The range of war-related themes is very wide—life and death, heroism and shame, duty and conscience—so it can go on for quite a while. The biggest war, World War II, inspired various literary works. Some of them remain important and interesting for decades and new ones appear. As different as those books are, they suggest that humanity might have actually learned lessons from the most terrible war. What lessons? Let’s see.

The Diary of a Young Girl by Anne Frank


“Whoever is happy will make others happy too.”

“I don’t think of all the misery but of the beauty that still remains.”

“What is done cannot be undone, but one can prevent it happening again.”

A real-life 13-year-old Jewish girl’s diary describing how she has to hide from Nazis during the occupation of the Netherlands. Unjustly persecuted, Anne still manages to maintain hope, courage and faith in humanity.

The Boy in the Striped Pajamas by John Boyne


 “And who decided which people wore the striped pajamas and which people wore the uniforms?”

Although heavily criticized for naivety and implausibility, a touching, tale of a Nazi officer’s 9-year-old son becoming friends with a Jewish boy of the same age, a prisoner of a death camp. Whether a fable, a fairytale or a profanation, the book was an international success and actually made its point: Adults may keep playing their deadly games with outrageous stubbornness and refusal to admit the absurdity of those games.

The Book Thief by Markus Zusak


Death: “I see their [people’s] [ugliness] and their beauty, and I wonder how the same thing can be both.”

A story about a 9-year-old girl living in Germany during World War II, hating Nazis and stealing the books they are seeking to destroy, this work is a story of finding right values, of cruelty and compassion, and of human nature told by a perplexed and amazed narrator, Death.

The Young Lions by Irwin Shaw


“It is always necessary to remain barbarians, because it is the barbarians who always win.”

An attempt to identify what being a human means and how humans become bestialized, this is the story of three men struggling throughout a war that appears to be three quite different wars to them.

Life and Fate by Vasily Grossman


“In great hearts the cruelty of life gives birth to good.”

A resolute reproof of totalitarianism. The war of the Soviet Union against Nazi Germany is here depicted not as a war against evil, but as a war of two evils: two totalitarian regimes, both fatal to their own people and to the rest of the world. In the course of narration about the war, the author discovers kindness to be the main virtue: “I don’t believe in your ‘Good.’ I believe in human kindness.”

Night by Elie Wiesel


“Never shall I forget that nocturnal silence which deprived me, for all eternity, of the desire to live. Never shall I forget those moments which murdered my God and my soul and turned my dreams to dust.”

A condemnation of the Holocaust from a then-16-year-old prisoner of Auschwitz and Buchenwald, this work is the story that unfolds when “[e]verything came to an end—man, history, literature, religion, God.”

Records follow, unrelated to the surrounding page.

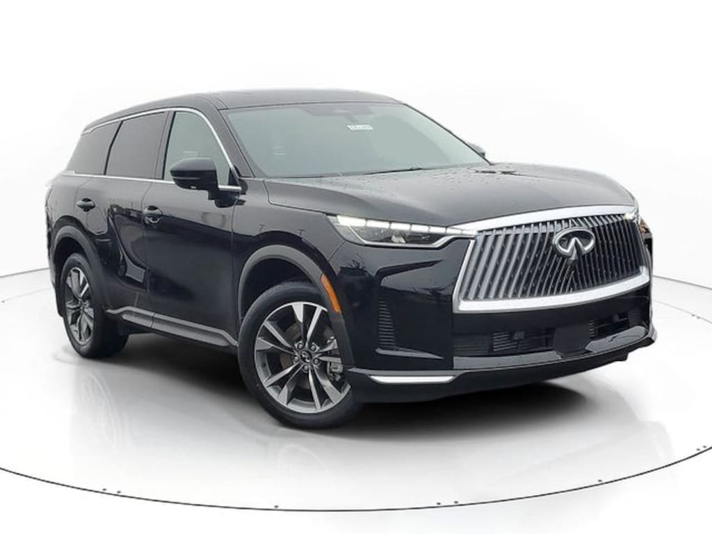 Certified. Black Obsidian 2026 INFINITI QX60 PURE FWD 9-Speed Automatic 2.0L I4 PDI Turbocharged DOHC 16V 268hp *CERTIFED*, *1 OWNER*, *LIFETIME POWERTRAIN WARRANTY*, 3rd row seats: bench, Apple CarPlay/Android Auto, Auto High-beam Headlights, Blind Spot Warning, Brake assist, Dual front impact airbags, Dual front side impact airbags, Electronic Stability Control, Four wheel independent suspension, Fully automatic headlights, Heated Front Bucket Seats, Knee airbag, Navigation system: Google Built-in, Overhead airbag, Power Liftgate, Power moonroof: Panoramic, Rear Parking Sensors, Reclining 3rd row seat, Remote keyless entry, Steering wheel mounted audio controls, Tailorfit-Appointed Seating Surfaces, Traction control.
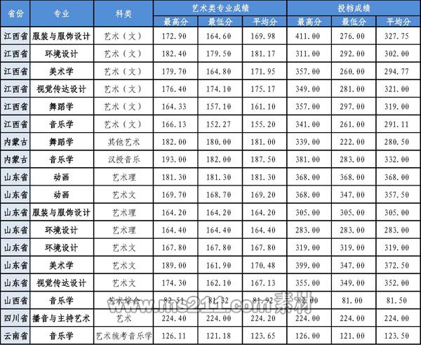 江西?。好佬g(shù)設(shè)計(jì)學(xué)類、音樂(lè)學(xué)、舞蹈學(xué)
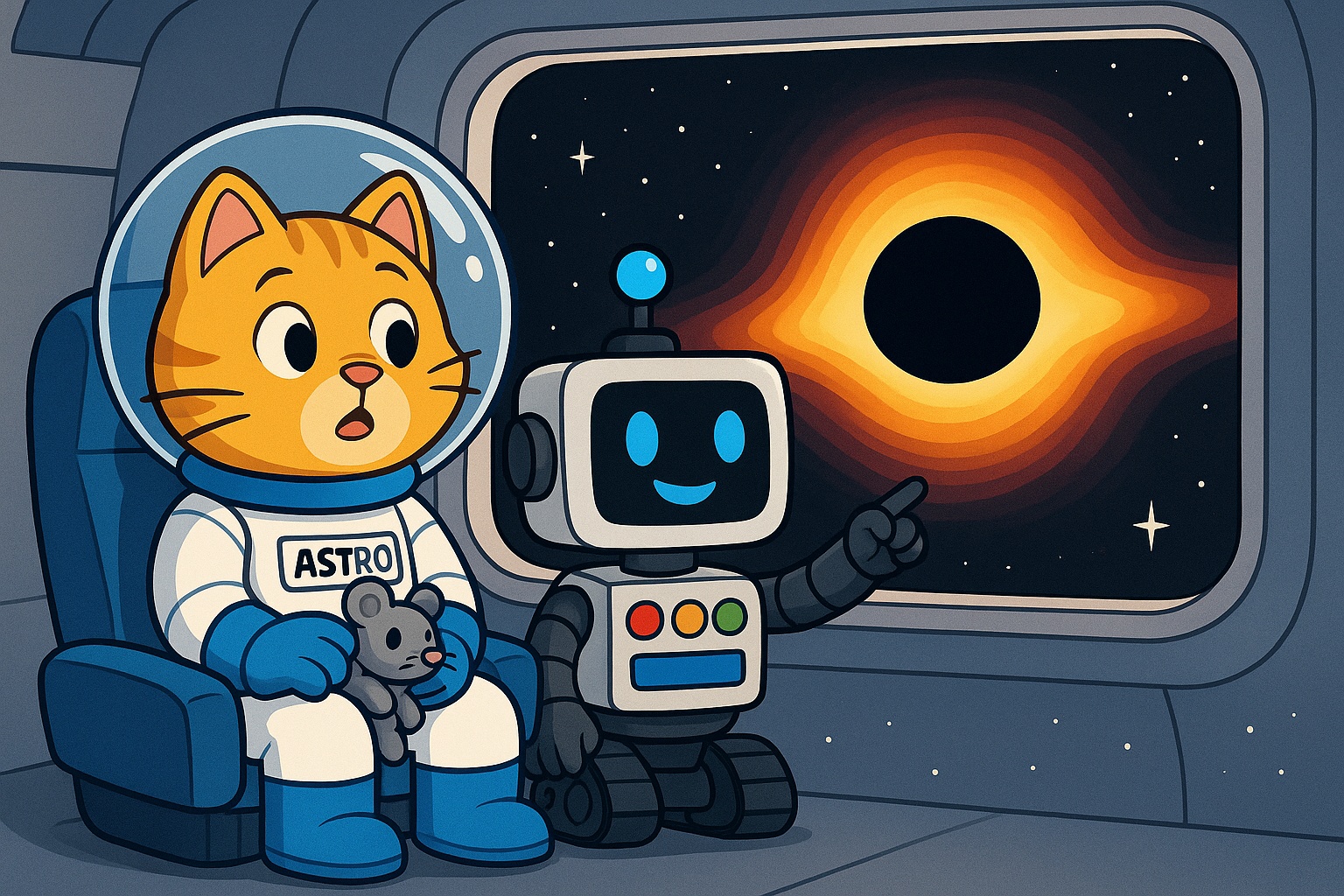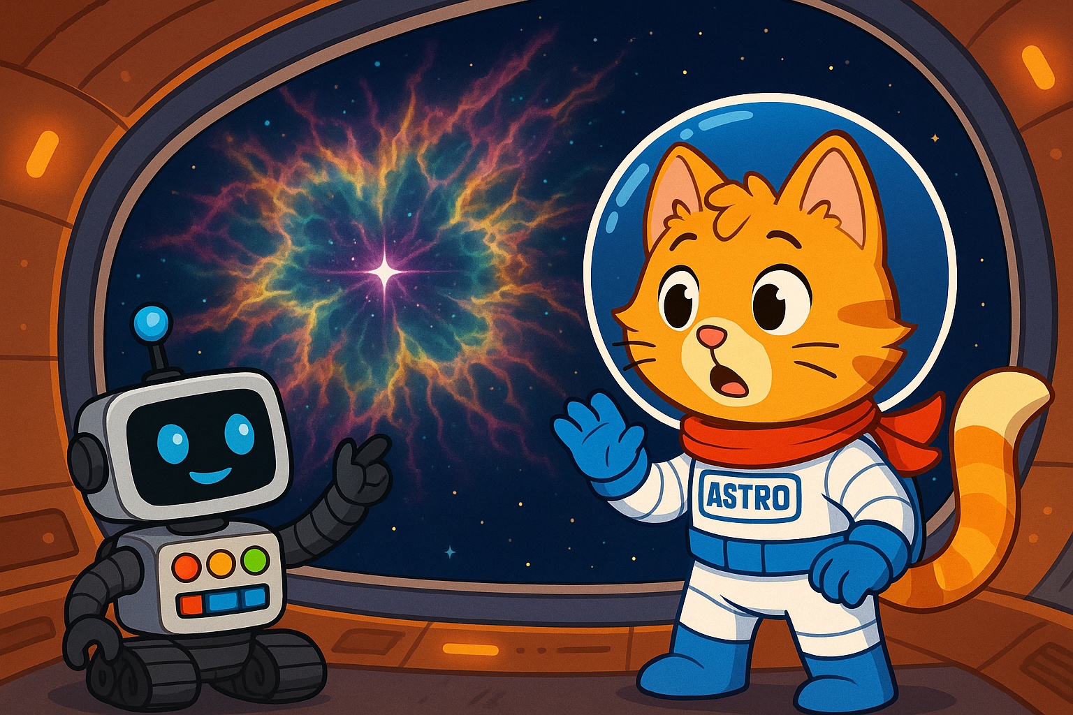 Gwiazdy, mgławice i czarne dziury 28. Astro Kotek – Mgławica Oriona „Miau-1” płynęła miękko przez noc kosmosu. Za iluminatorem widać było znajome kształty gwiazdozbioru Oriona. Trzy jasne gwiazdy jego pasa ... Więcej

The Good War by Studs Terkel


“The reason you storm the beaches is not patriotism or bravery. It’s that sense of not wanting to fail your buddies.”

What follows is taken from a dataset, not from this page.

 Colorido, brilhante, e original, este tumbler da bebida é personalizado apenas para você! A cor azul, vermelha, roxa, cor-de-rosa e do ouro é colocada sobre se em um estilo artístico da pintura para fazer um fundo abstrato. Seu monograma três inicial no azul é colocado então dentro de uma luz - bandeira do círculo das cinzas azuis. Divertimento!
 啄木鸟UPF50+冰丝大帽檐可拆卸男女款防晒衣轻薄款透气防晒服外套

An oral history about the war collected from dozens of interviewees of different ages, nationalities and occupations, The Good War is a good chance to see dramatically different perceptions next to each other.

Maus by Art Spiegelman


“My father bleeds history.”

A comic book based on the author’s interviews with his father, a Holocaust survivor. Encompassing a wide range of issues both historical and personal (father-son issues), the book won the Pulitzer Prize and attracted much attention from academics. For its style and format (e.g. depicting Nazis as cats and Jews as mice), it was both criticized for not taking the Holocaust seriously and praised by telling its story in the most striking way.

Catch-22 by Joseph Heller


“Orr would be crazy to fly more missions and sane if he didn’t, but if he was sane, he had to fly them. If he flew them, he was crazy and didn’t have to; but if he didn’t want to, he was sane and had to. Yossarian was moved very deeply by the absolute simplicity of this clause of Catch-22 and let out a respectful whistle.”

A book proving that absurdity, paradoxes and unsolvable puzzles are possibly the best way a book about war can be written, Catch-22 helps us stop pretending that a war is not insanity.

Slaughterhouse-Five, or The Children’s Crusade, by Kurt Vonnegut


“So it goes.”

A powerful anti-war satire disguised as a story about the firebombing of Dresden, this work is pretty much about crashing heroic and valorous images of war and revealing the ugly meaninglessness of it. The disjointed narrative helps us realize that, indeed, as it is said in the preface, “there is nothing intelligent to say about a massacre.”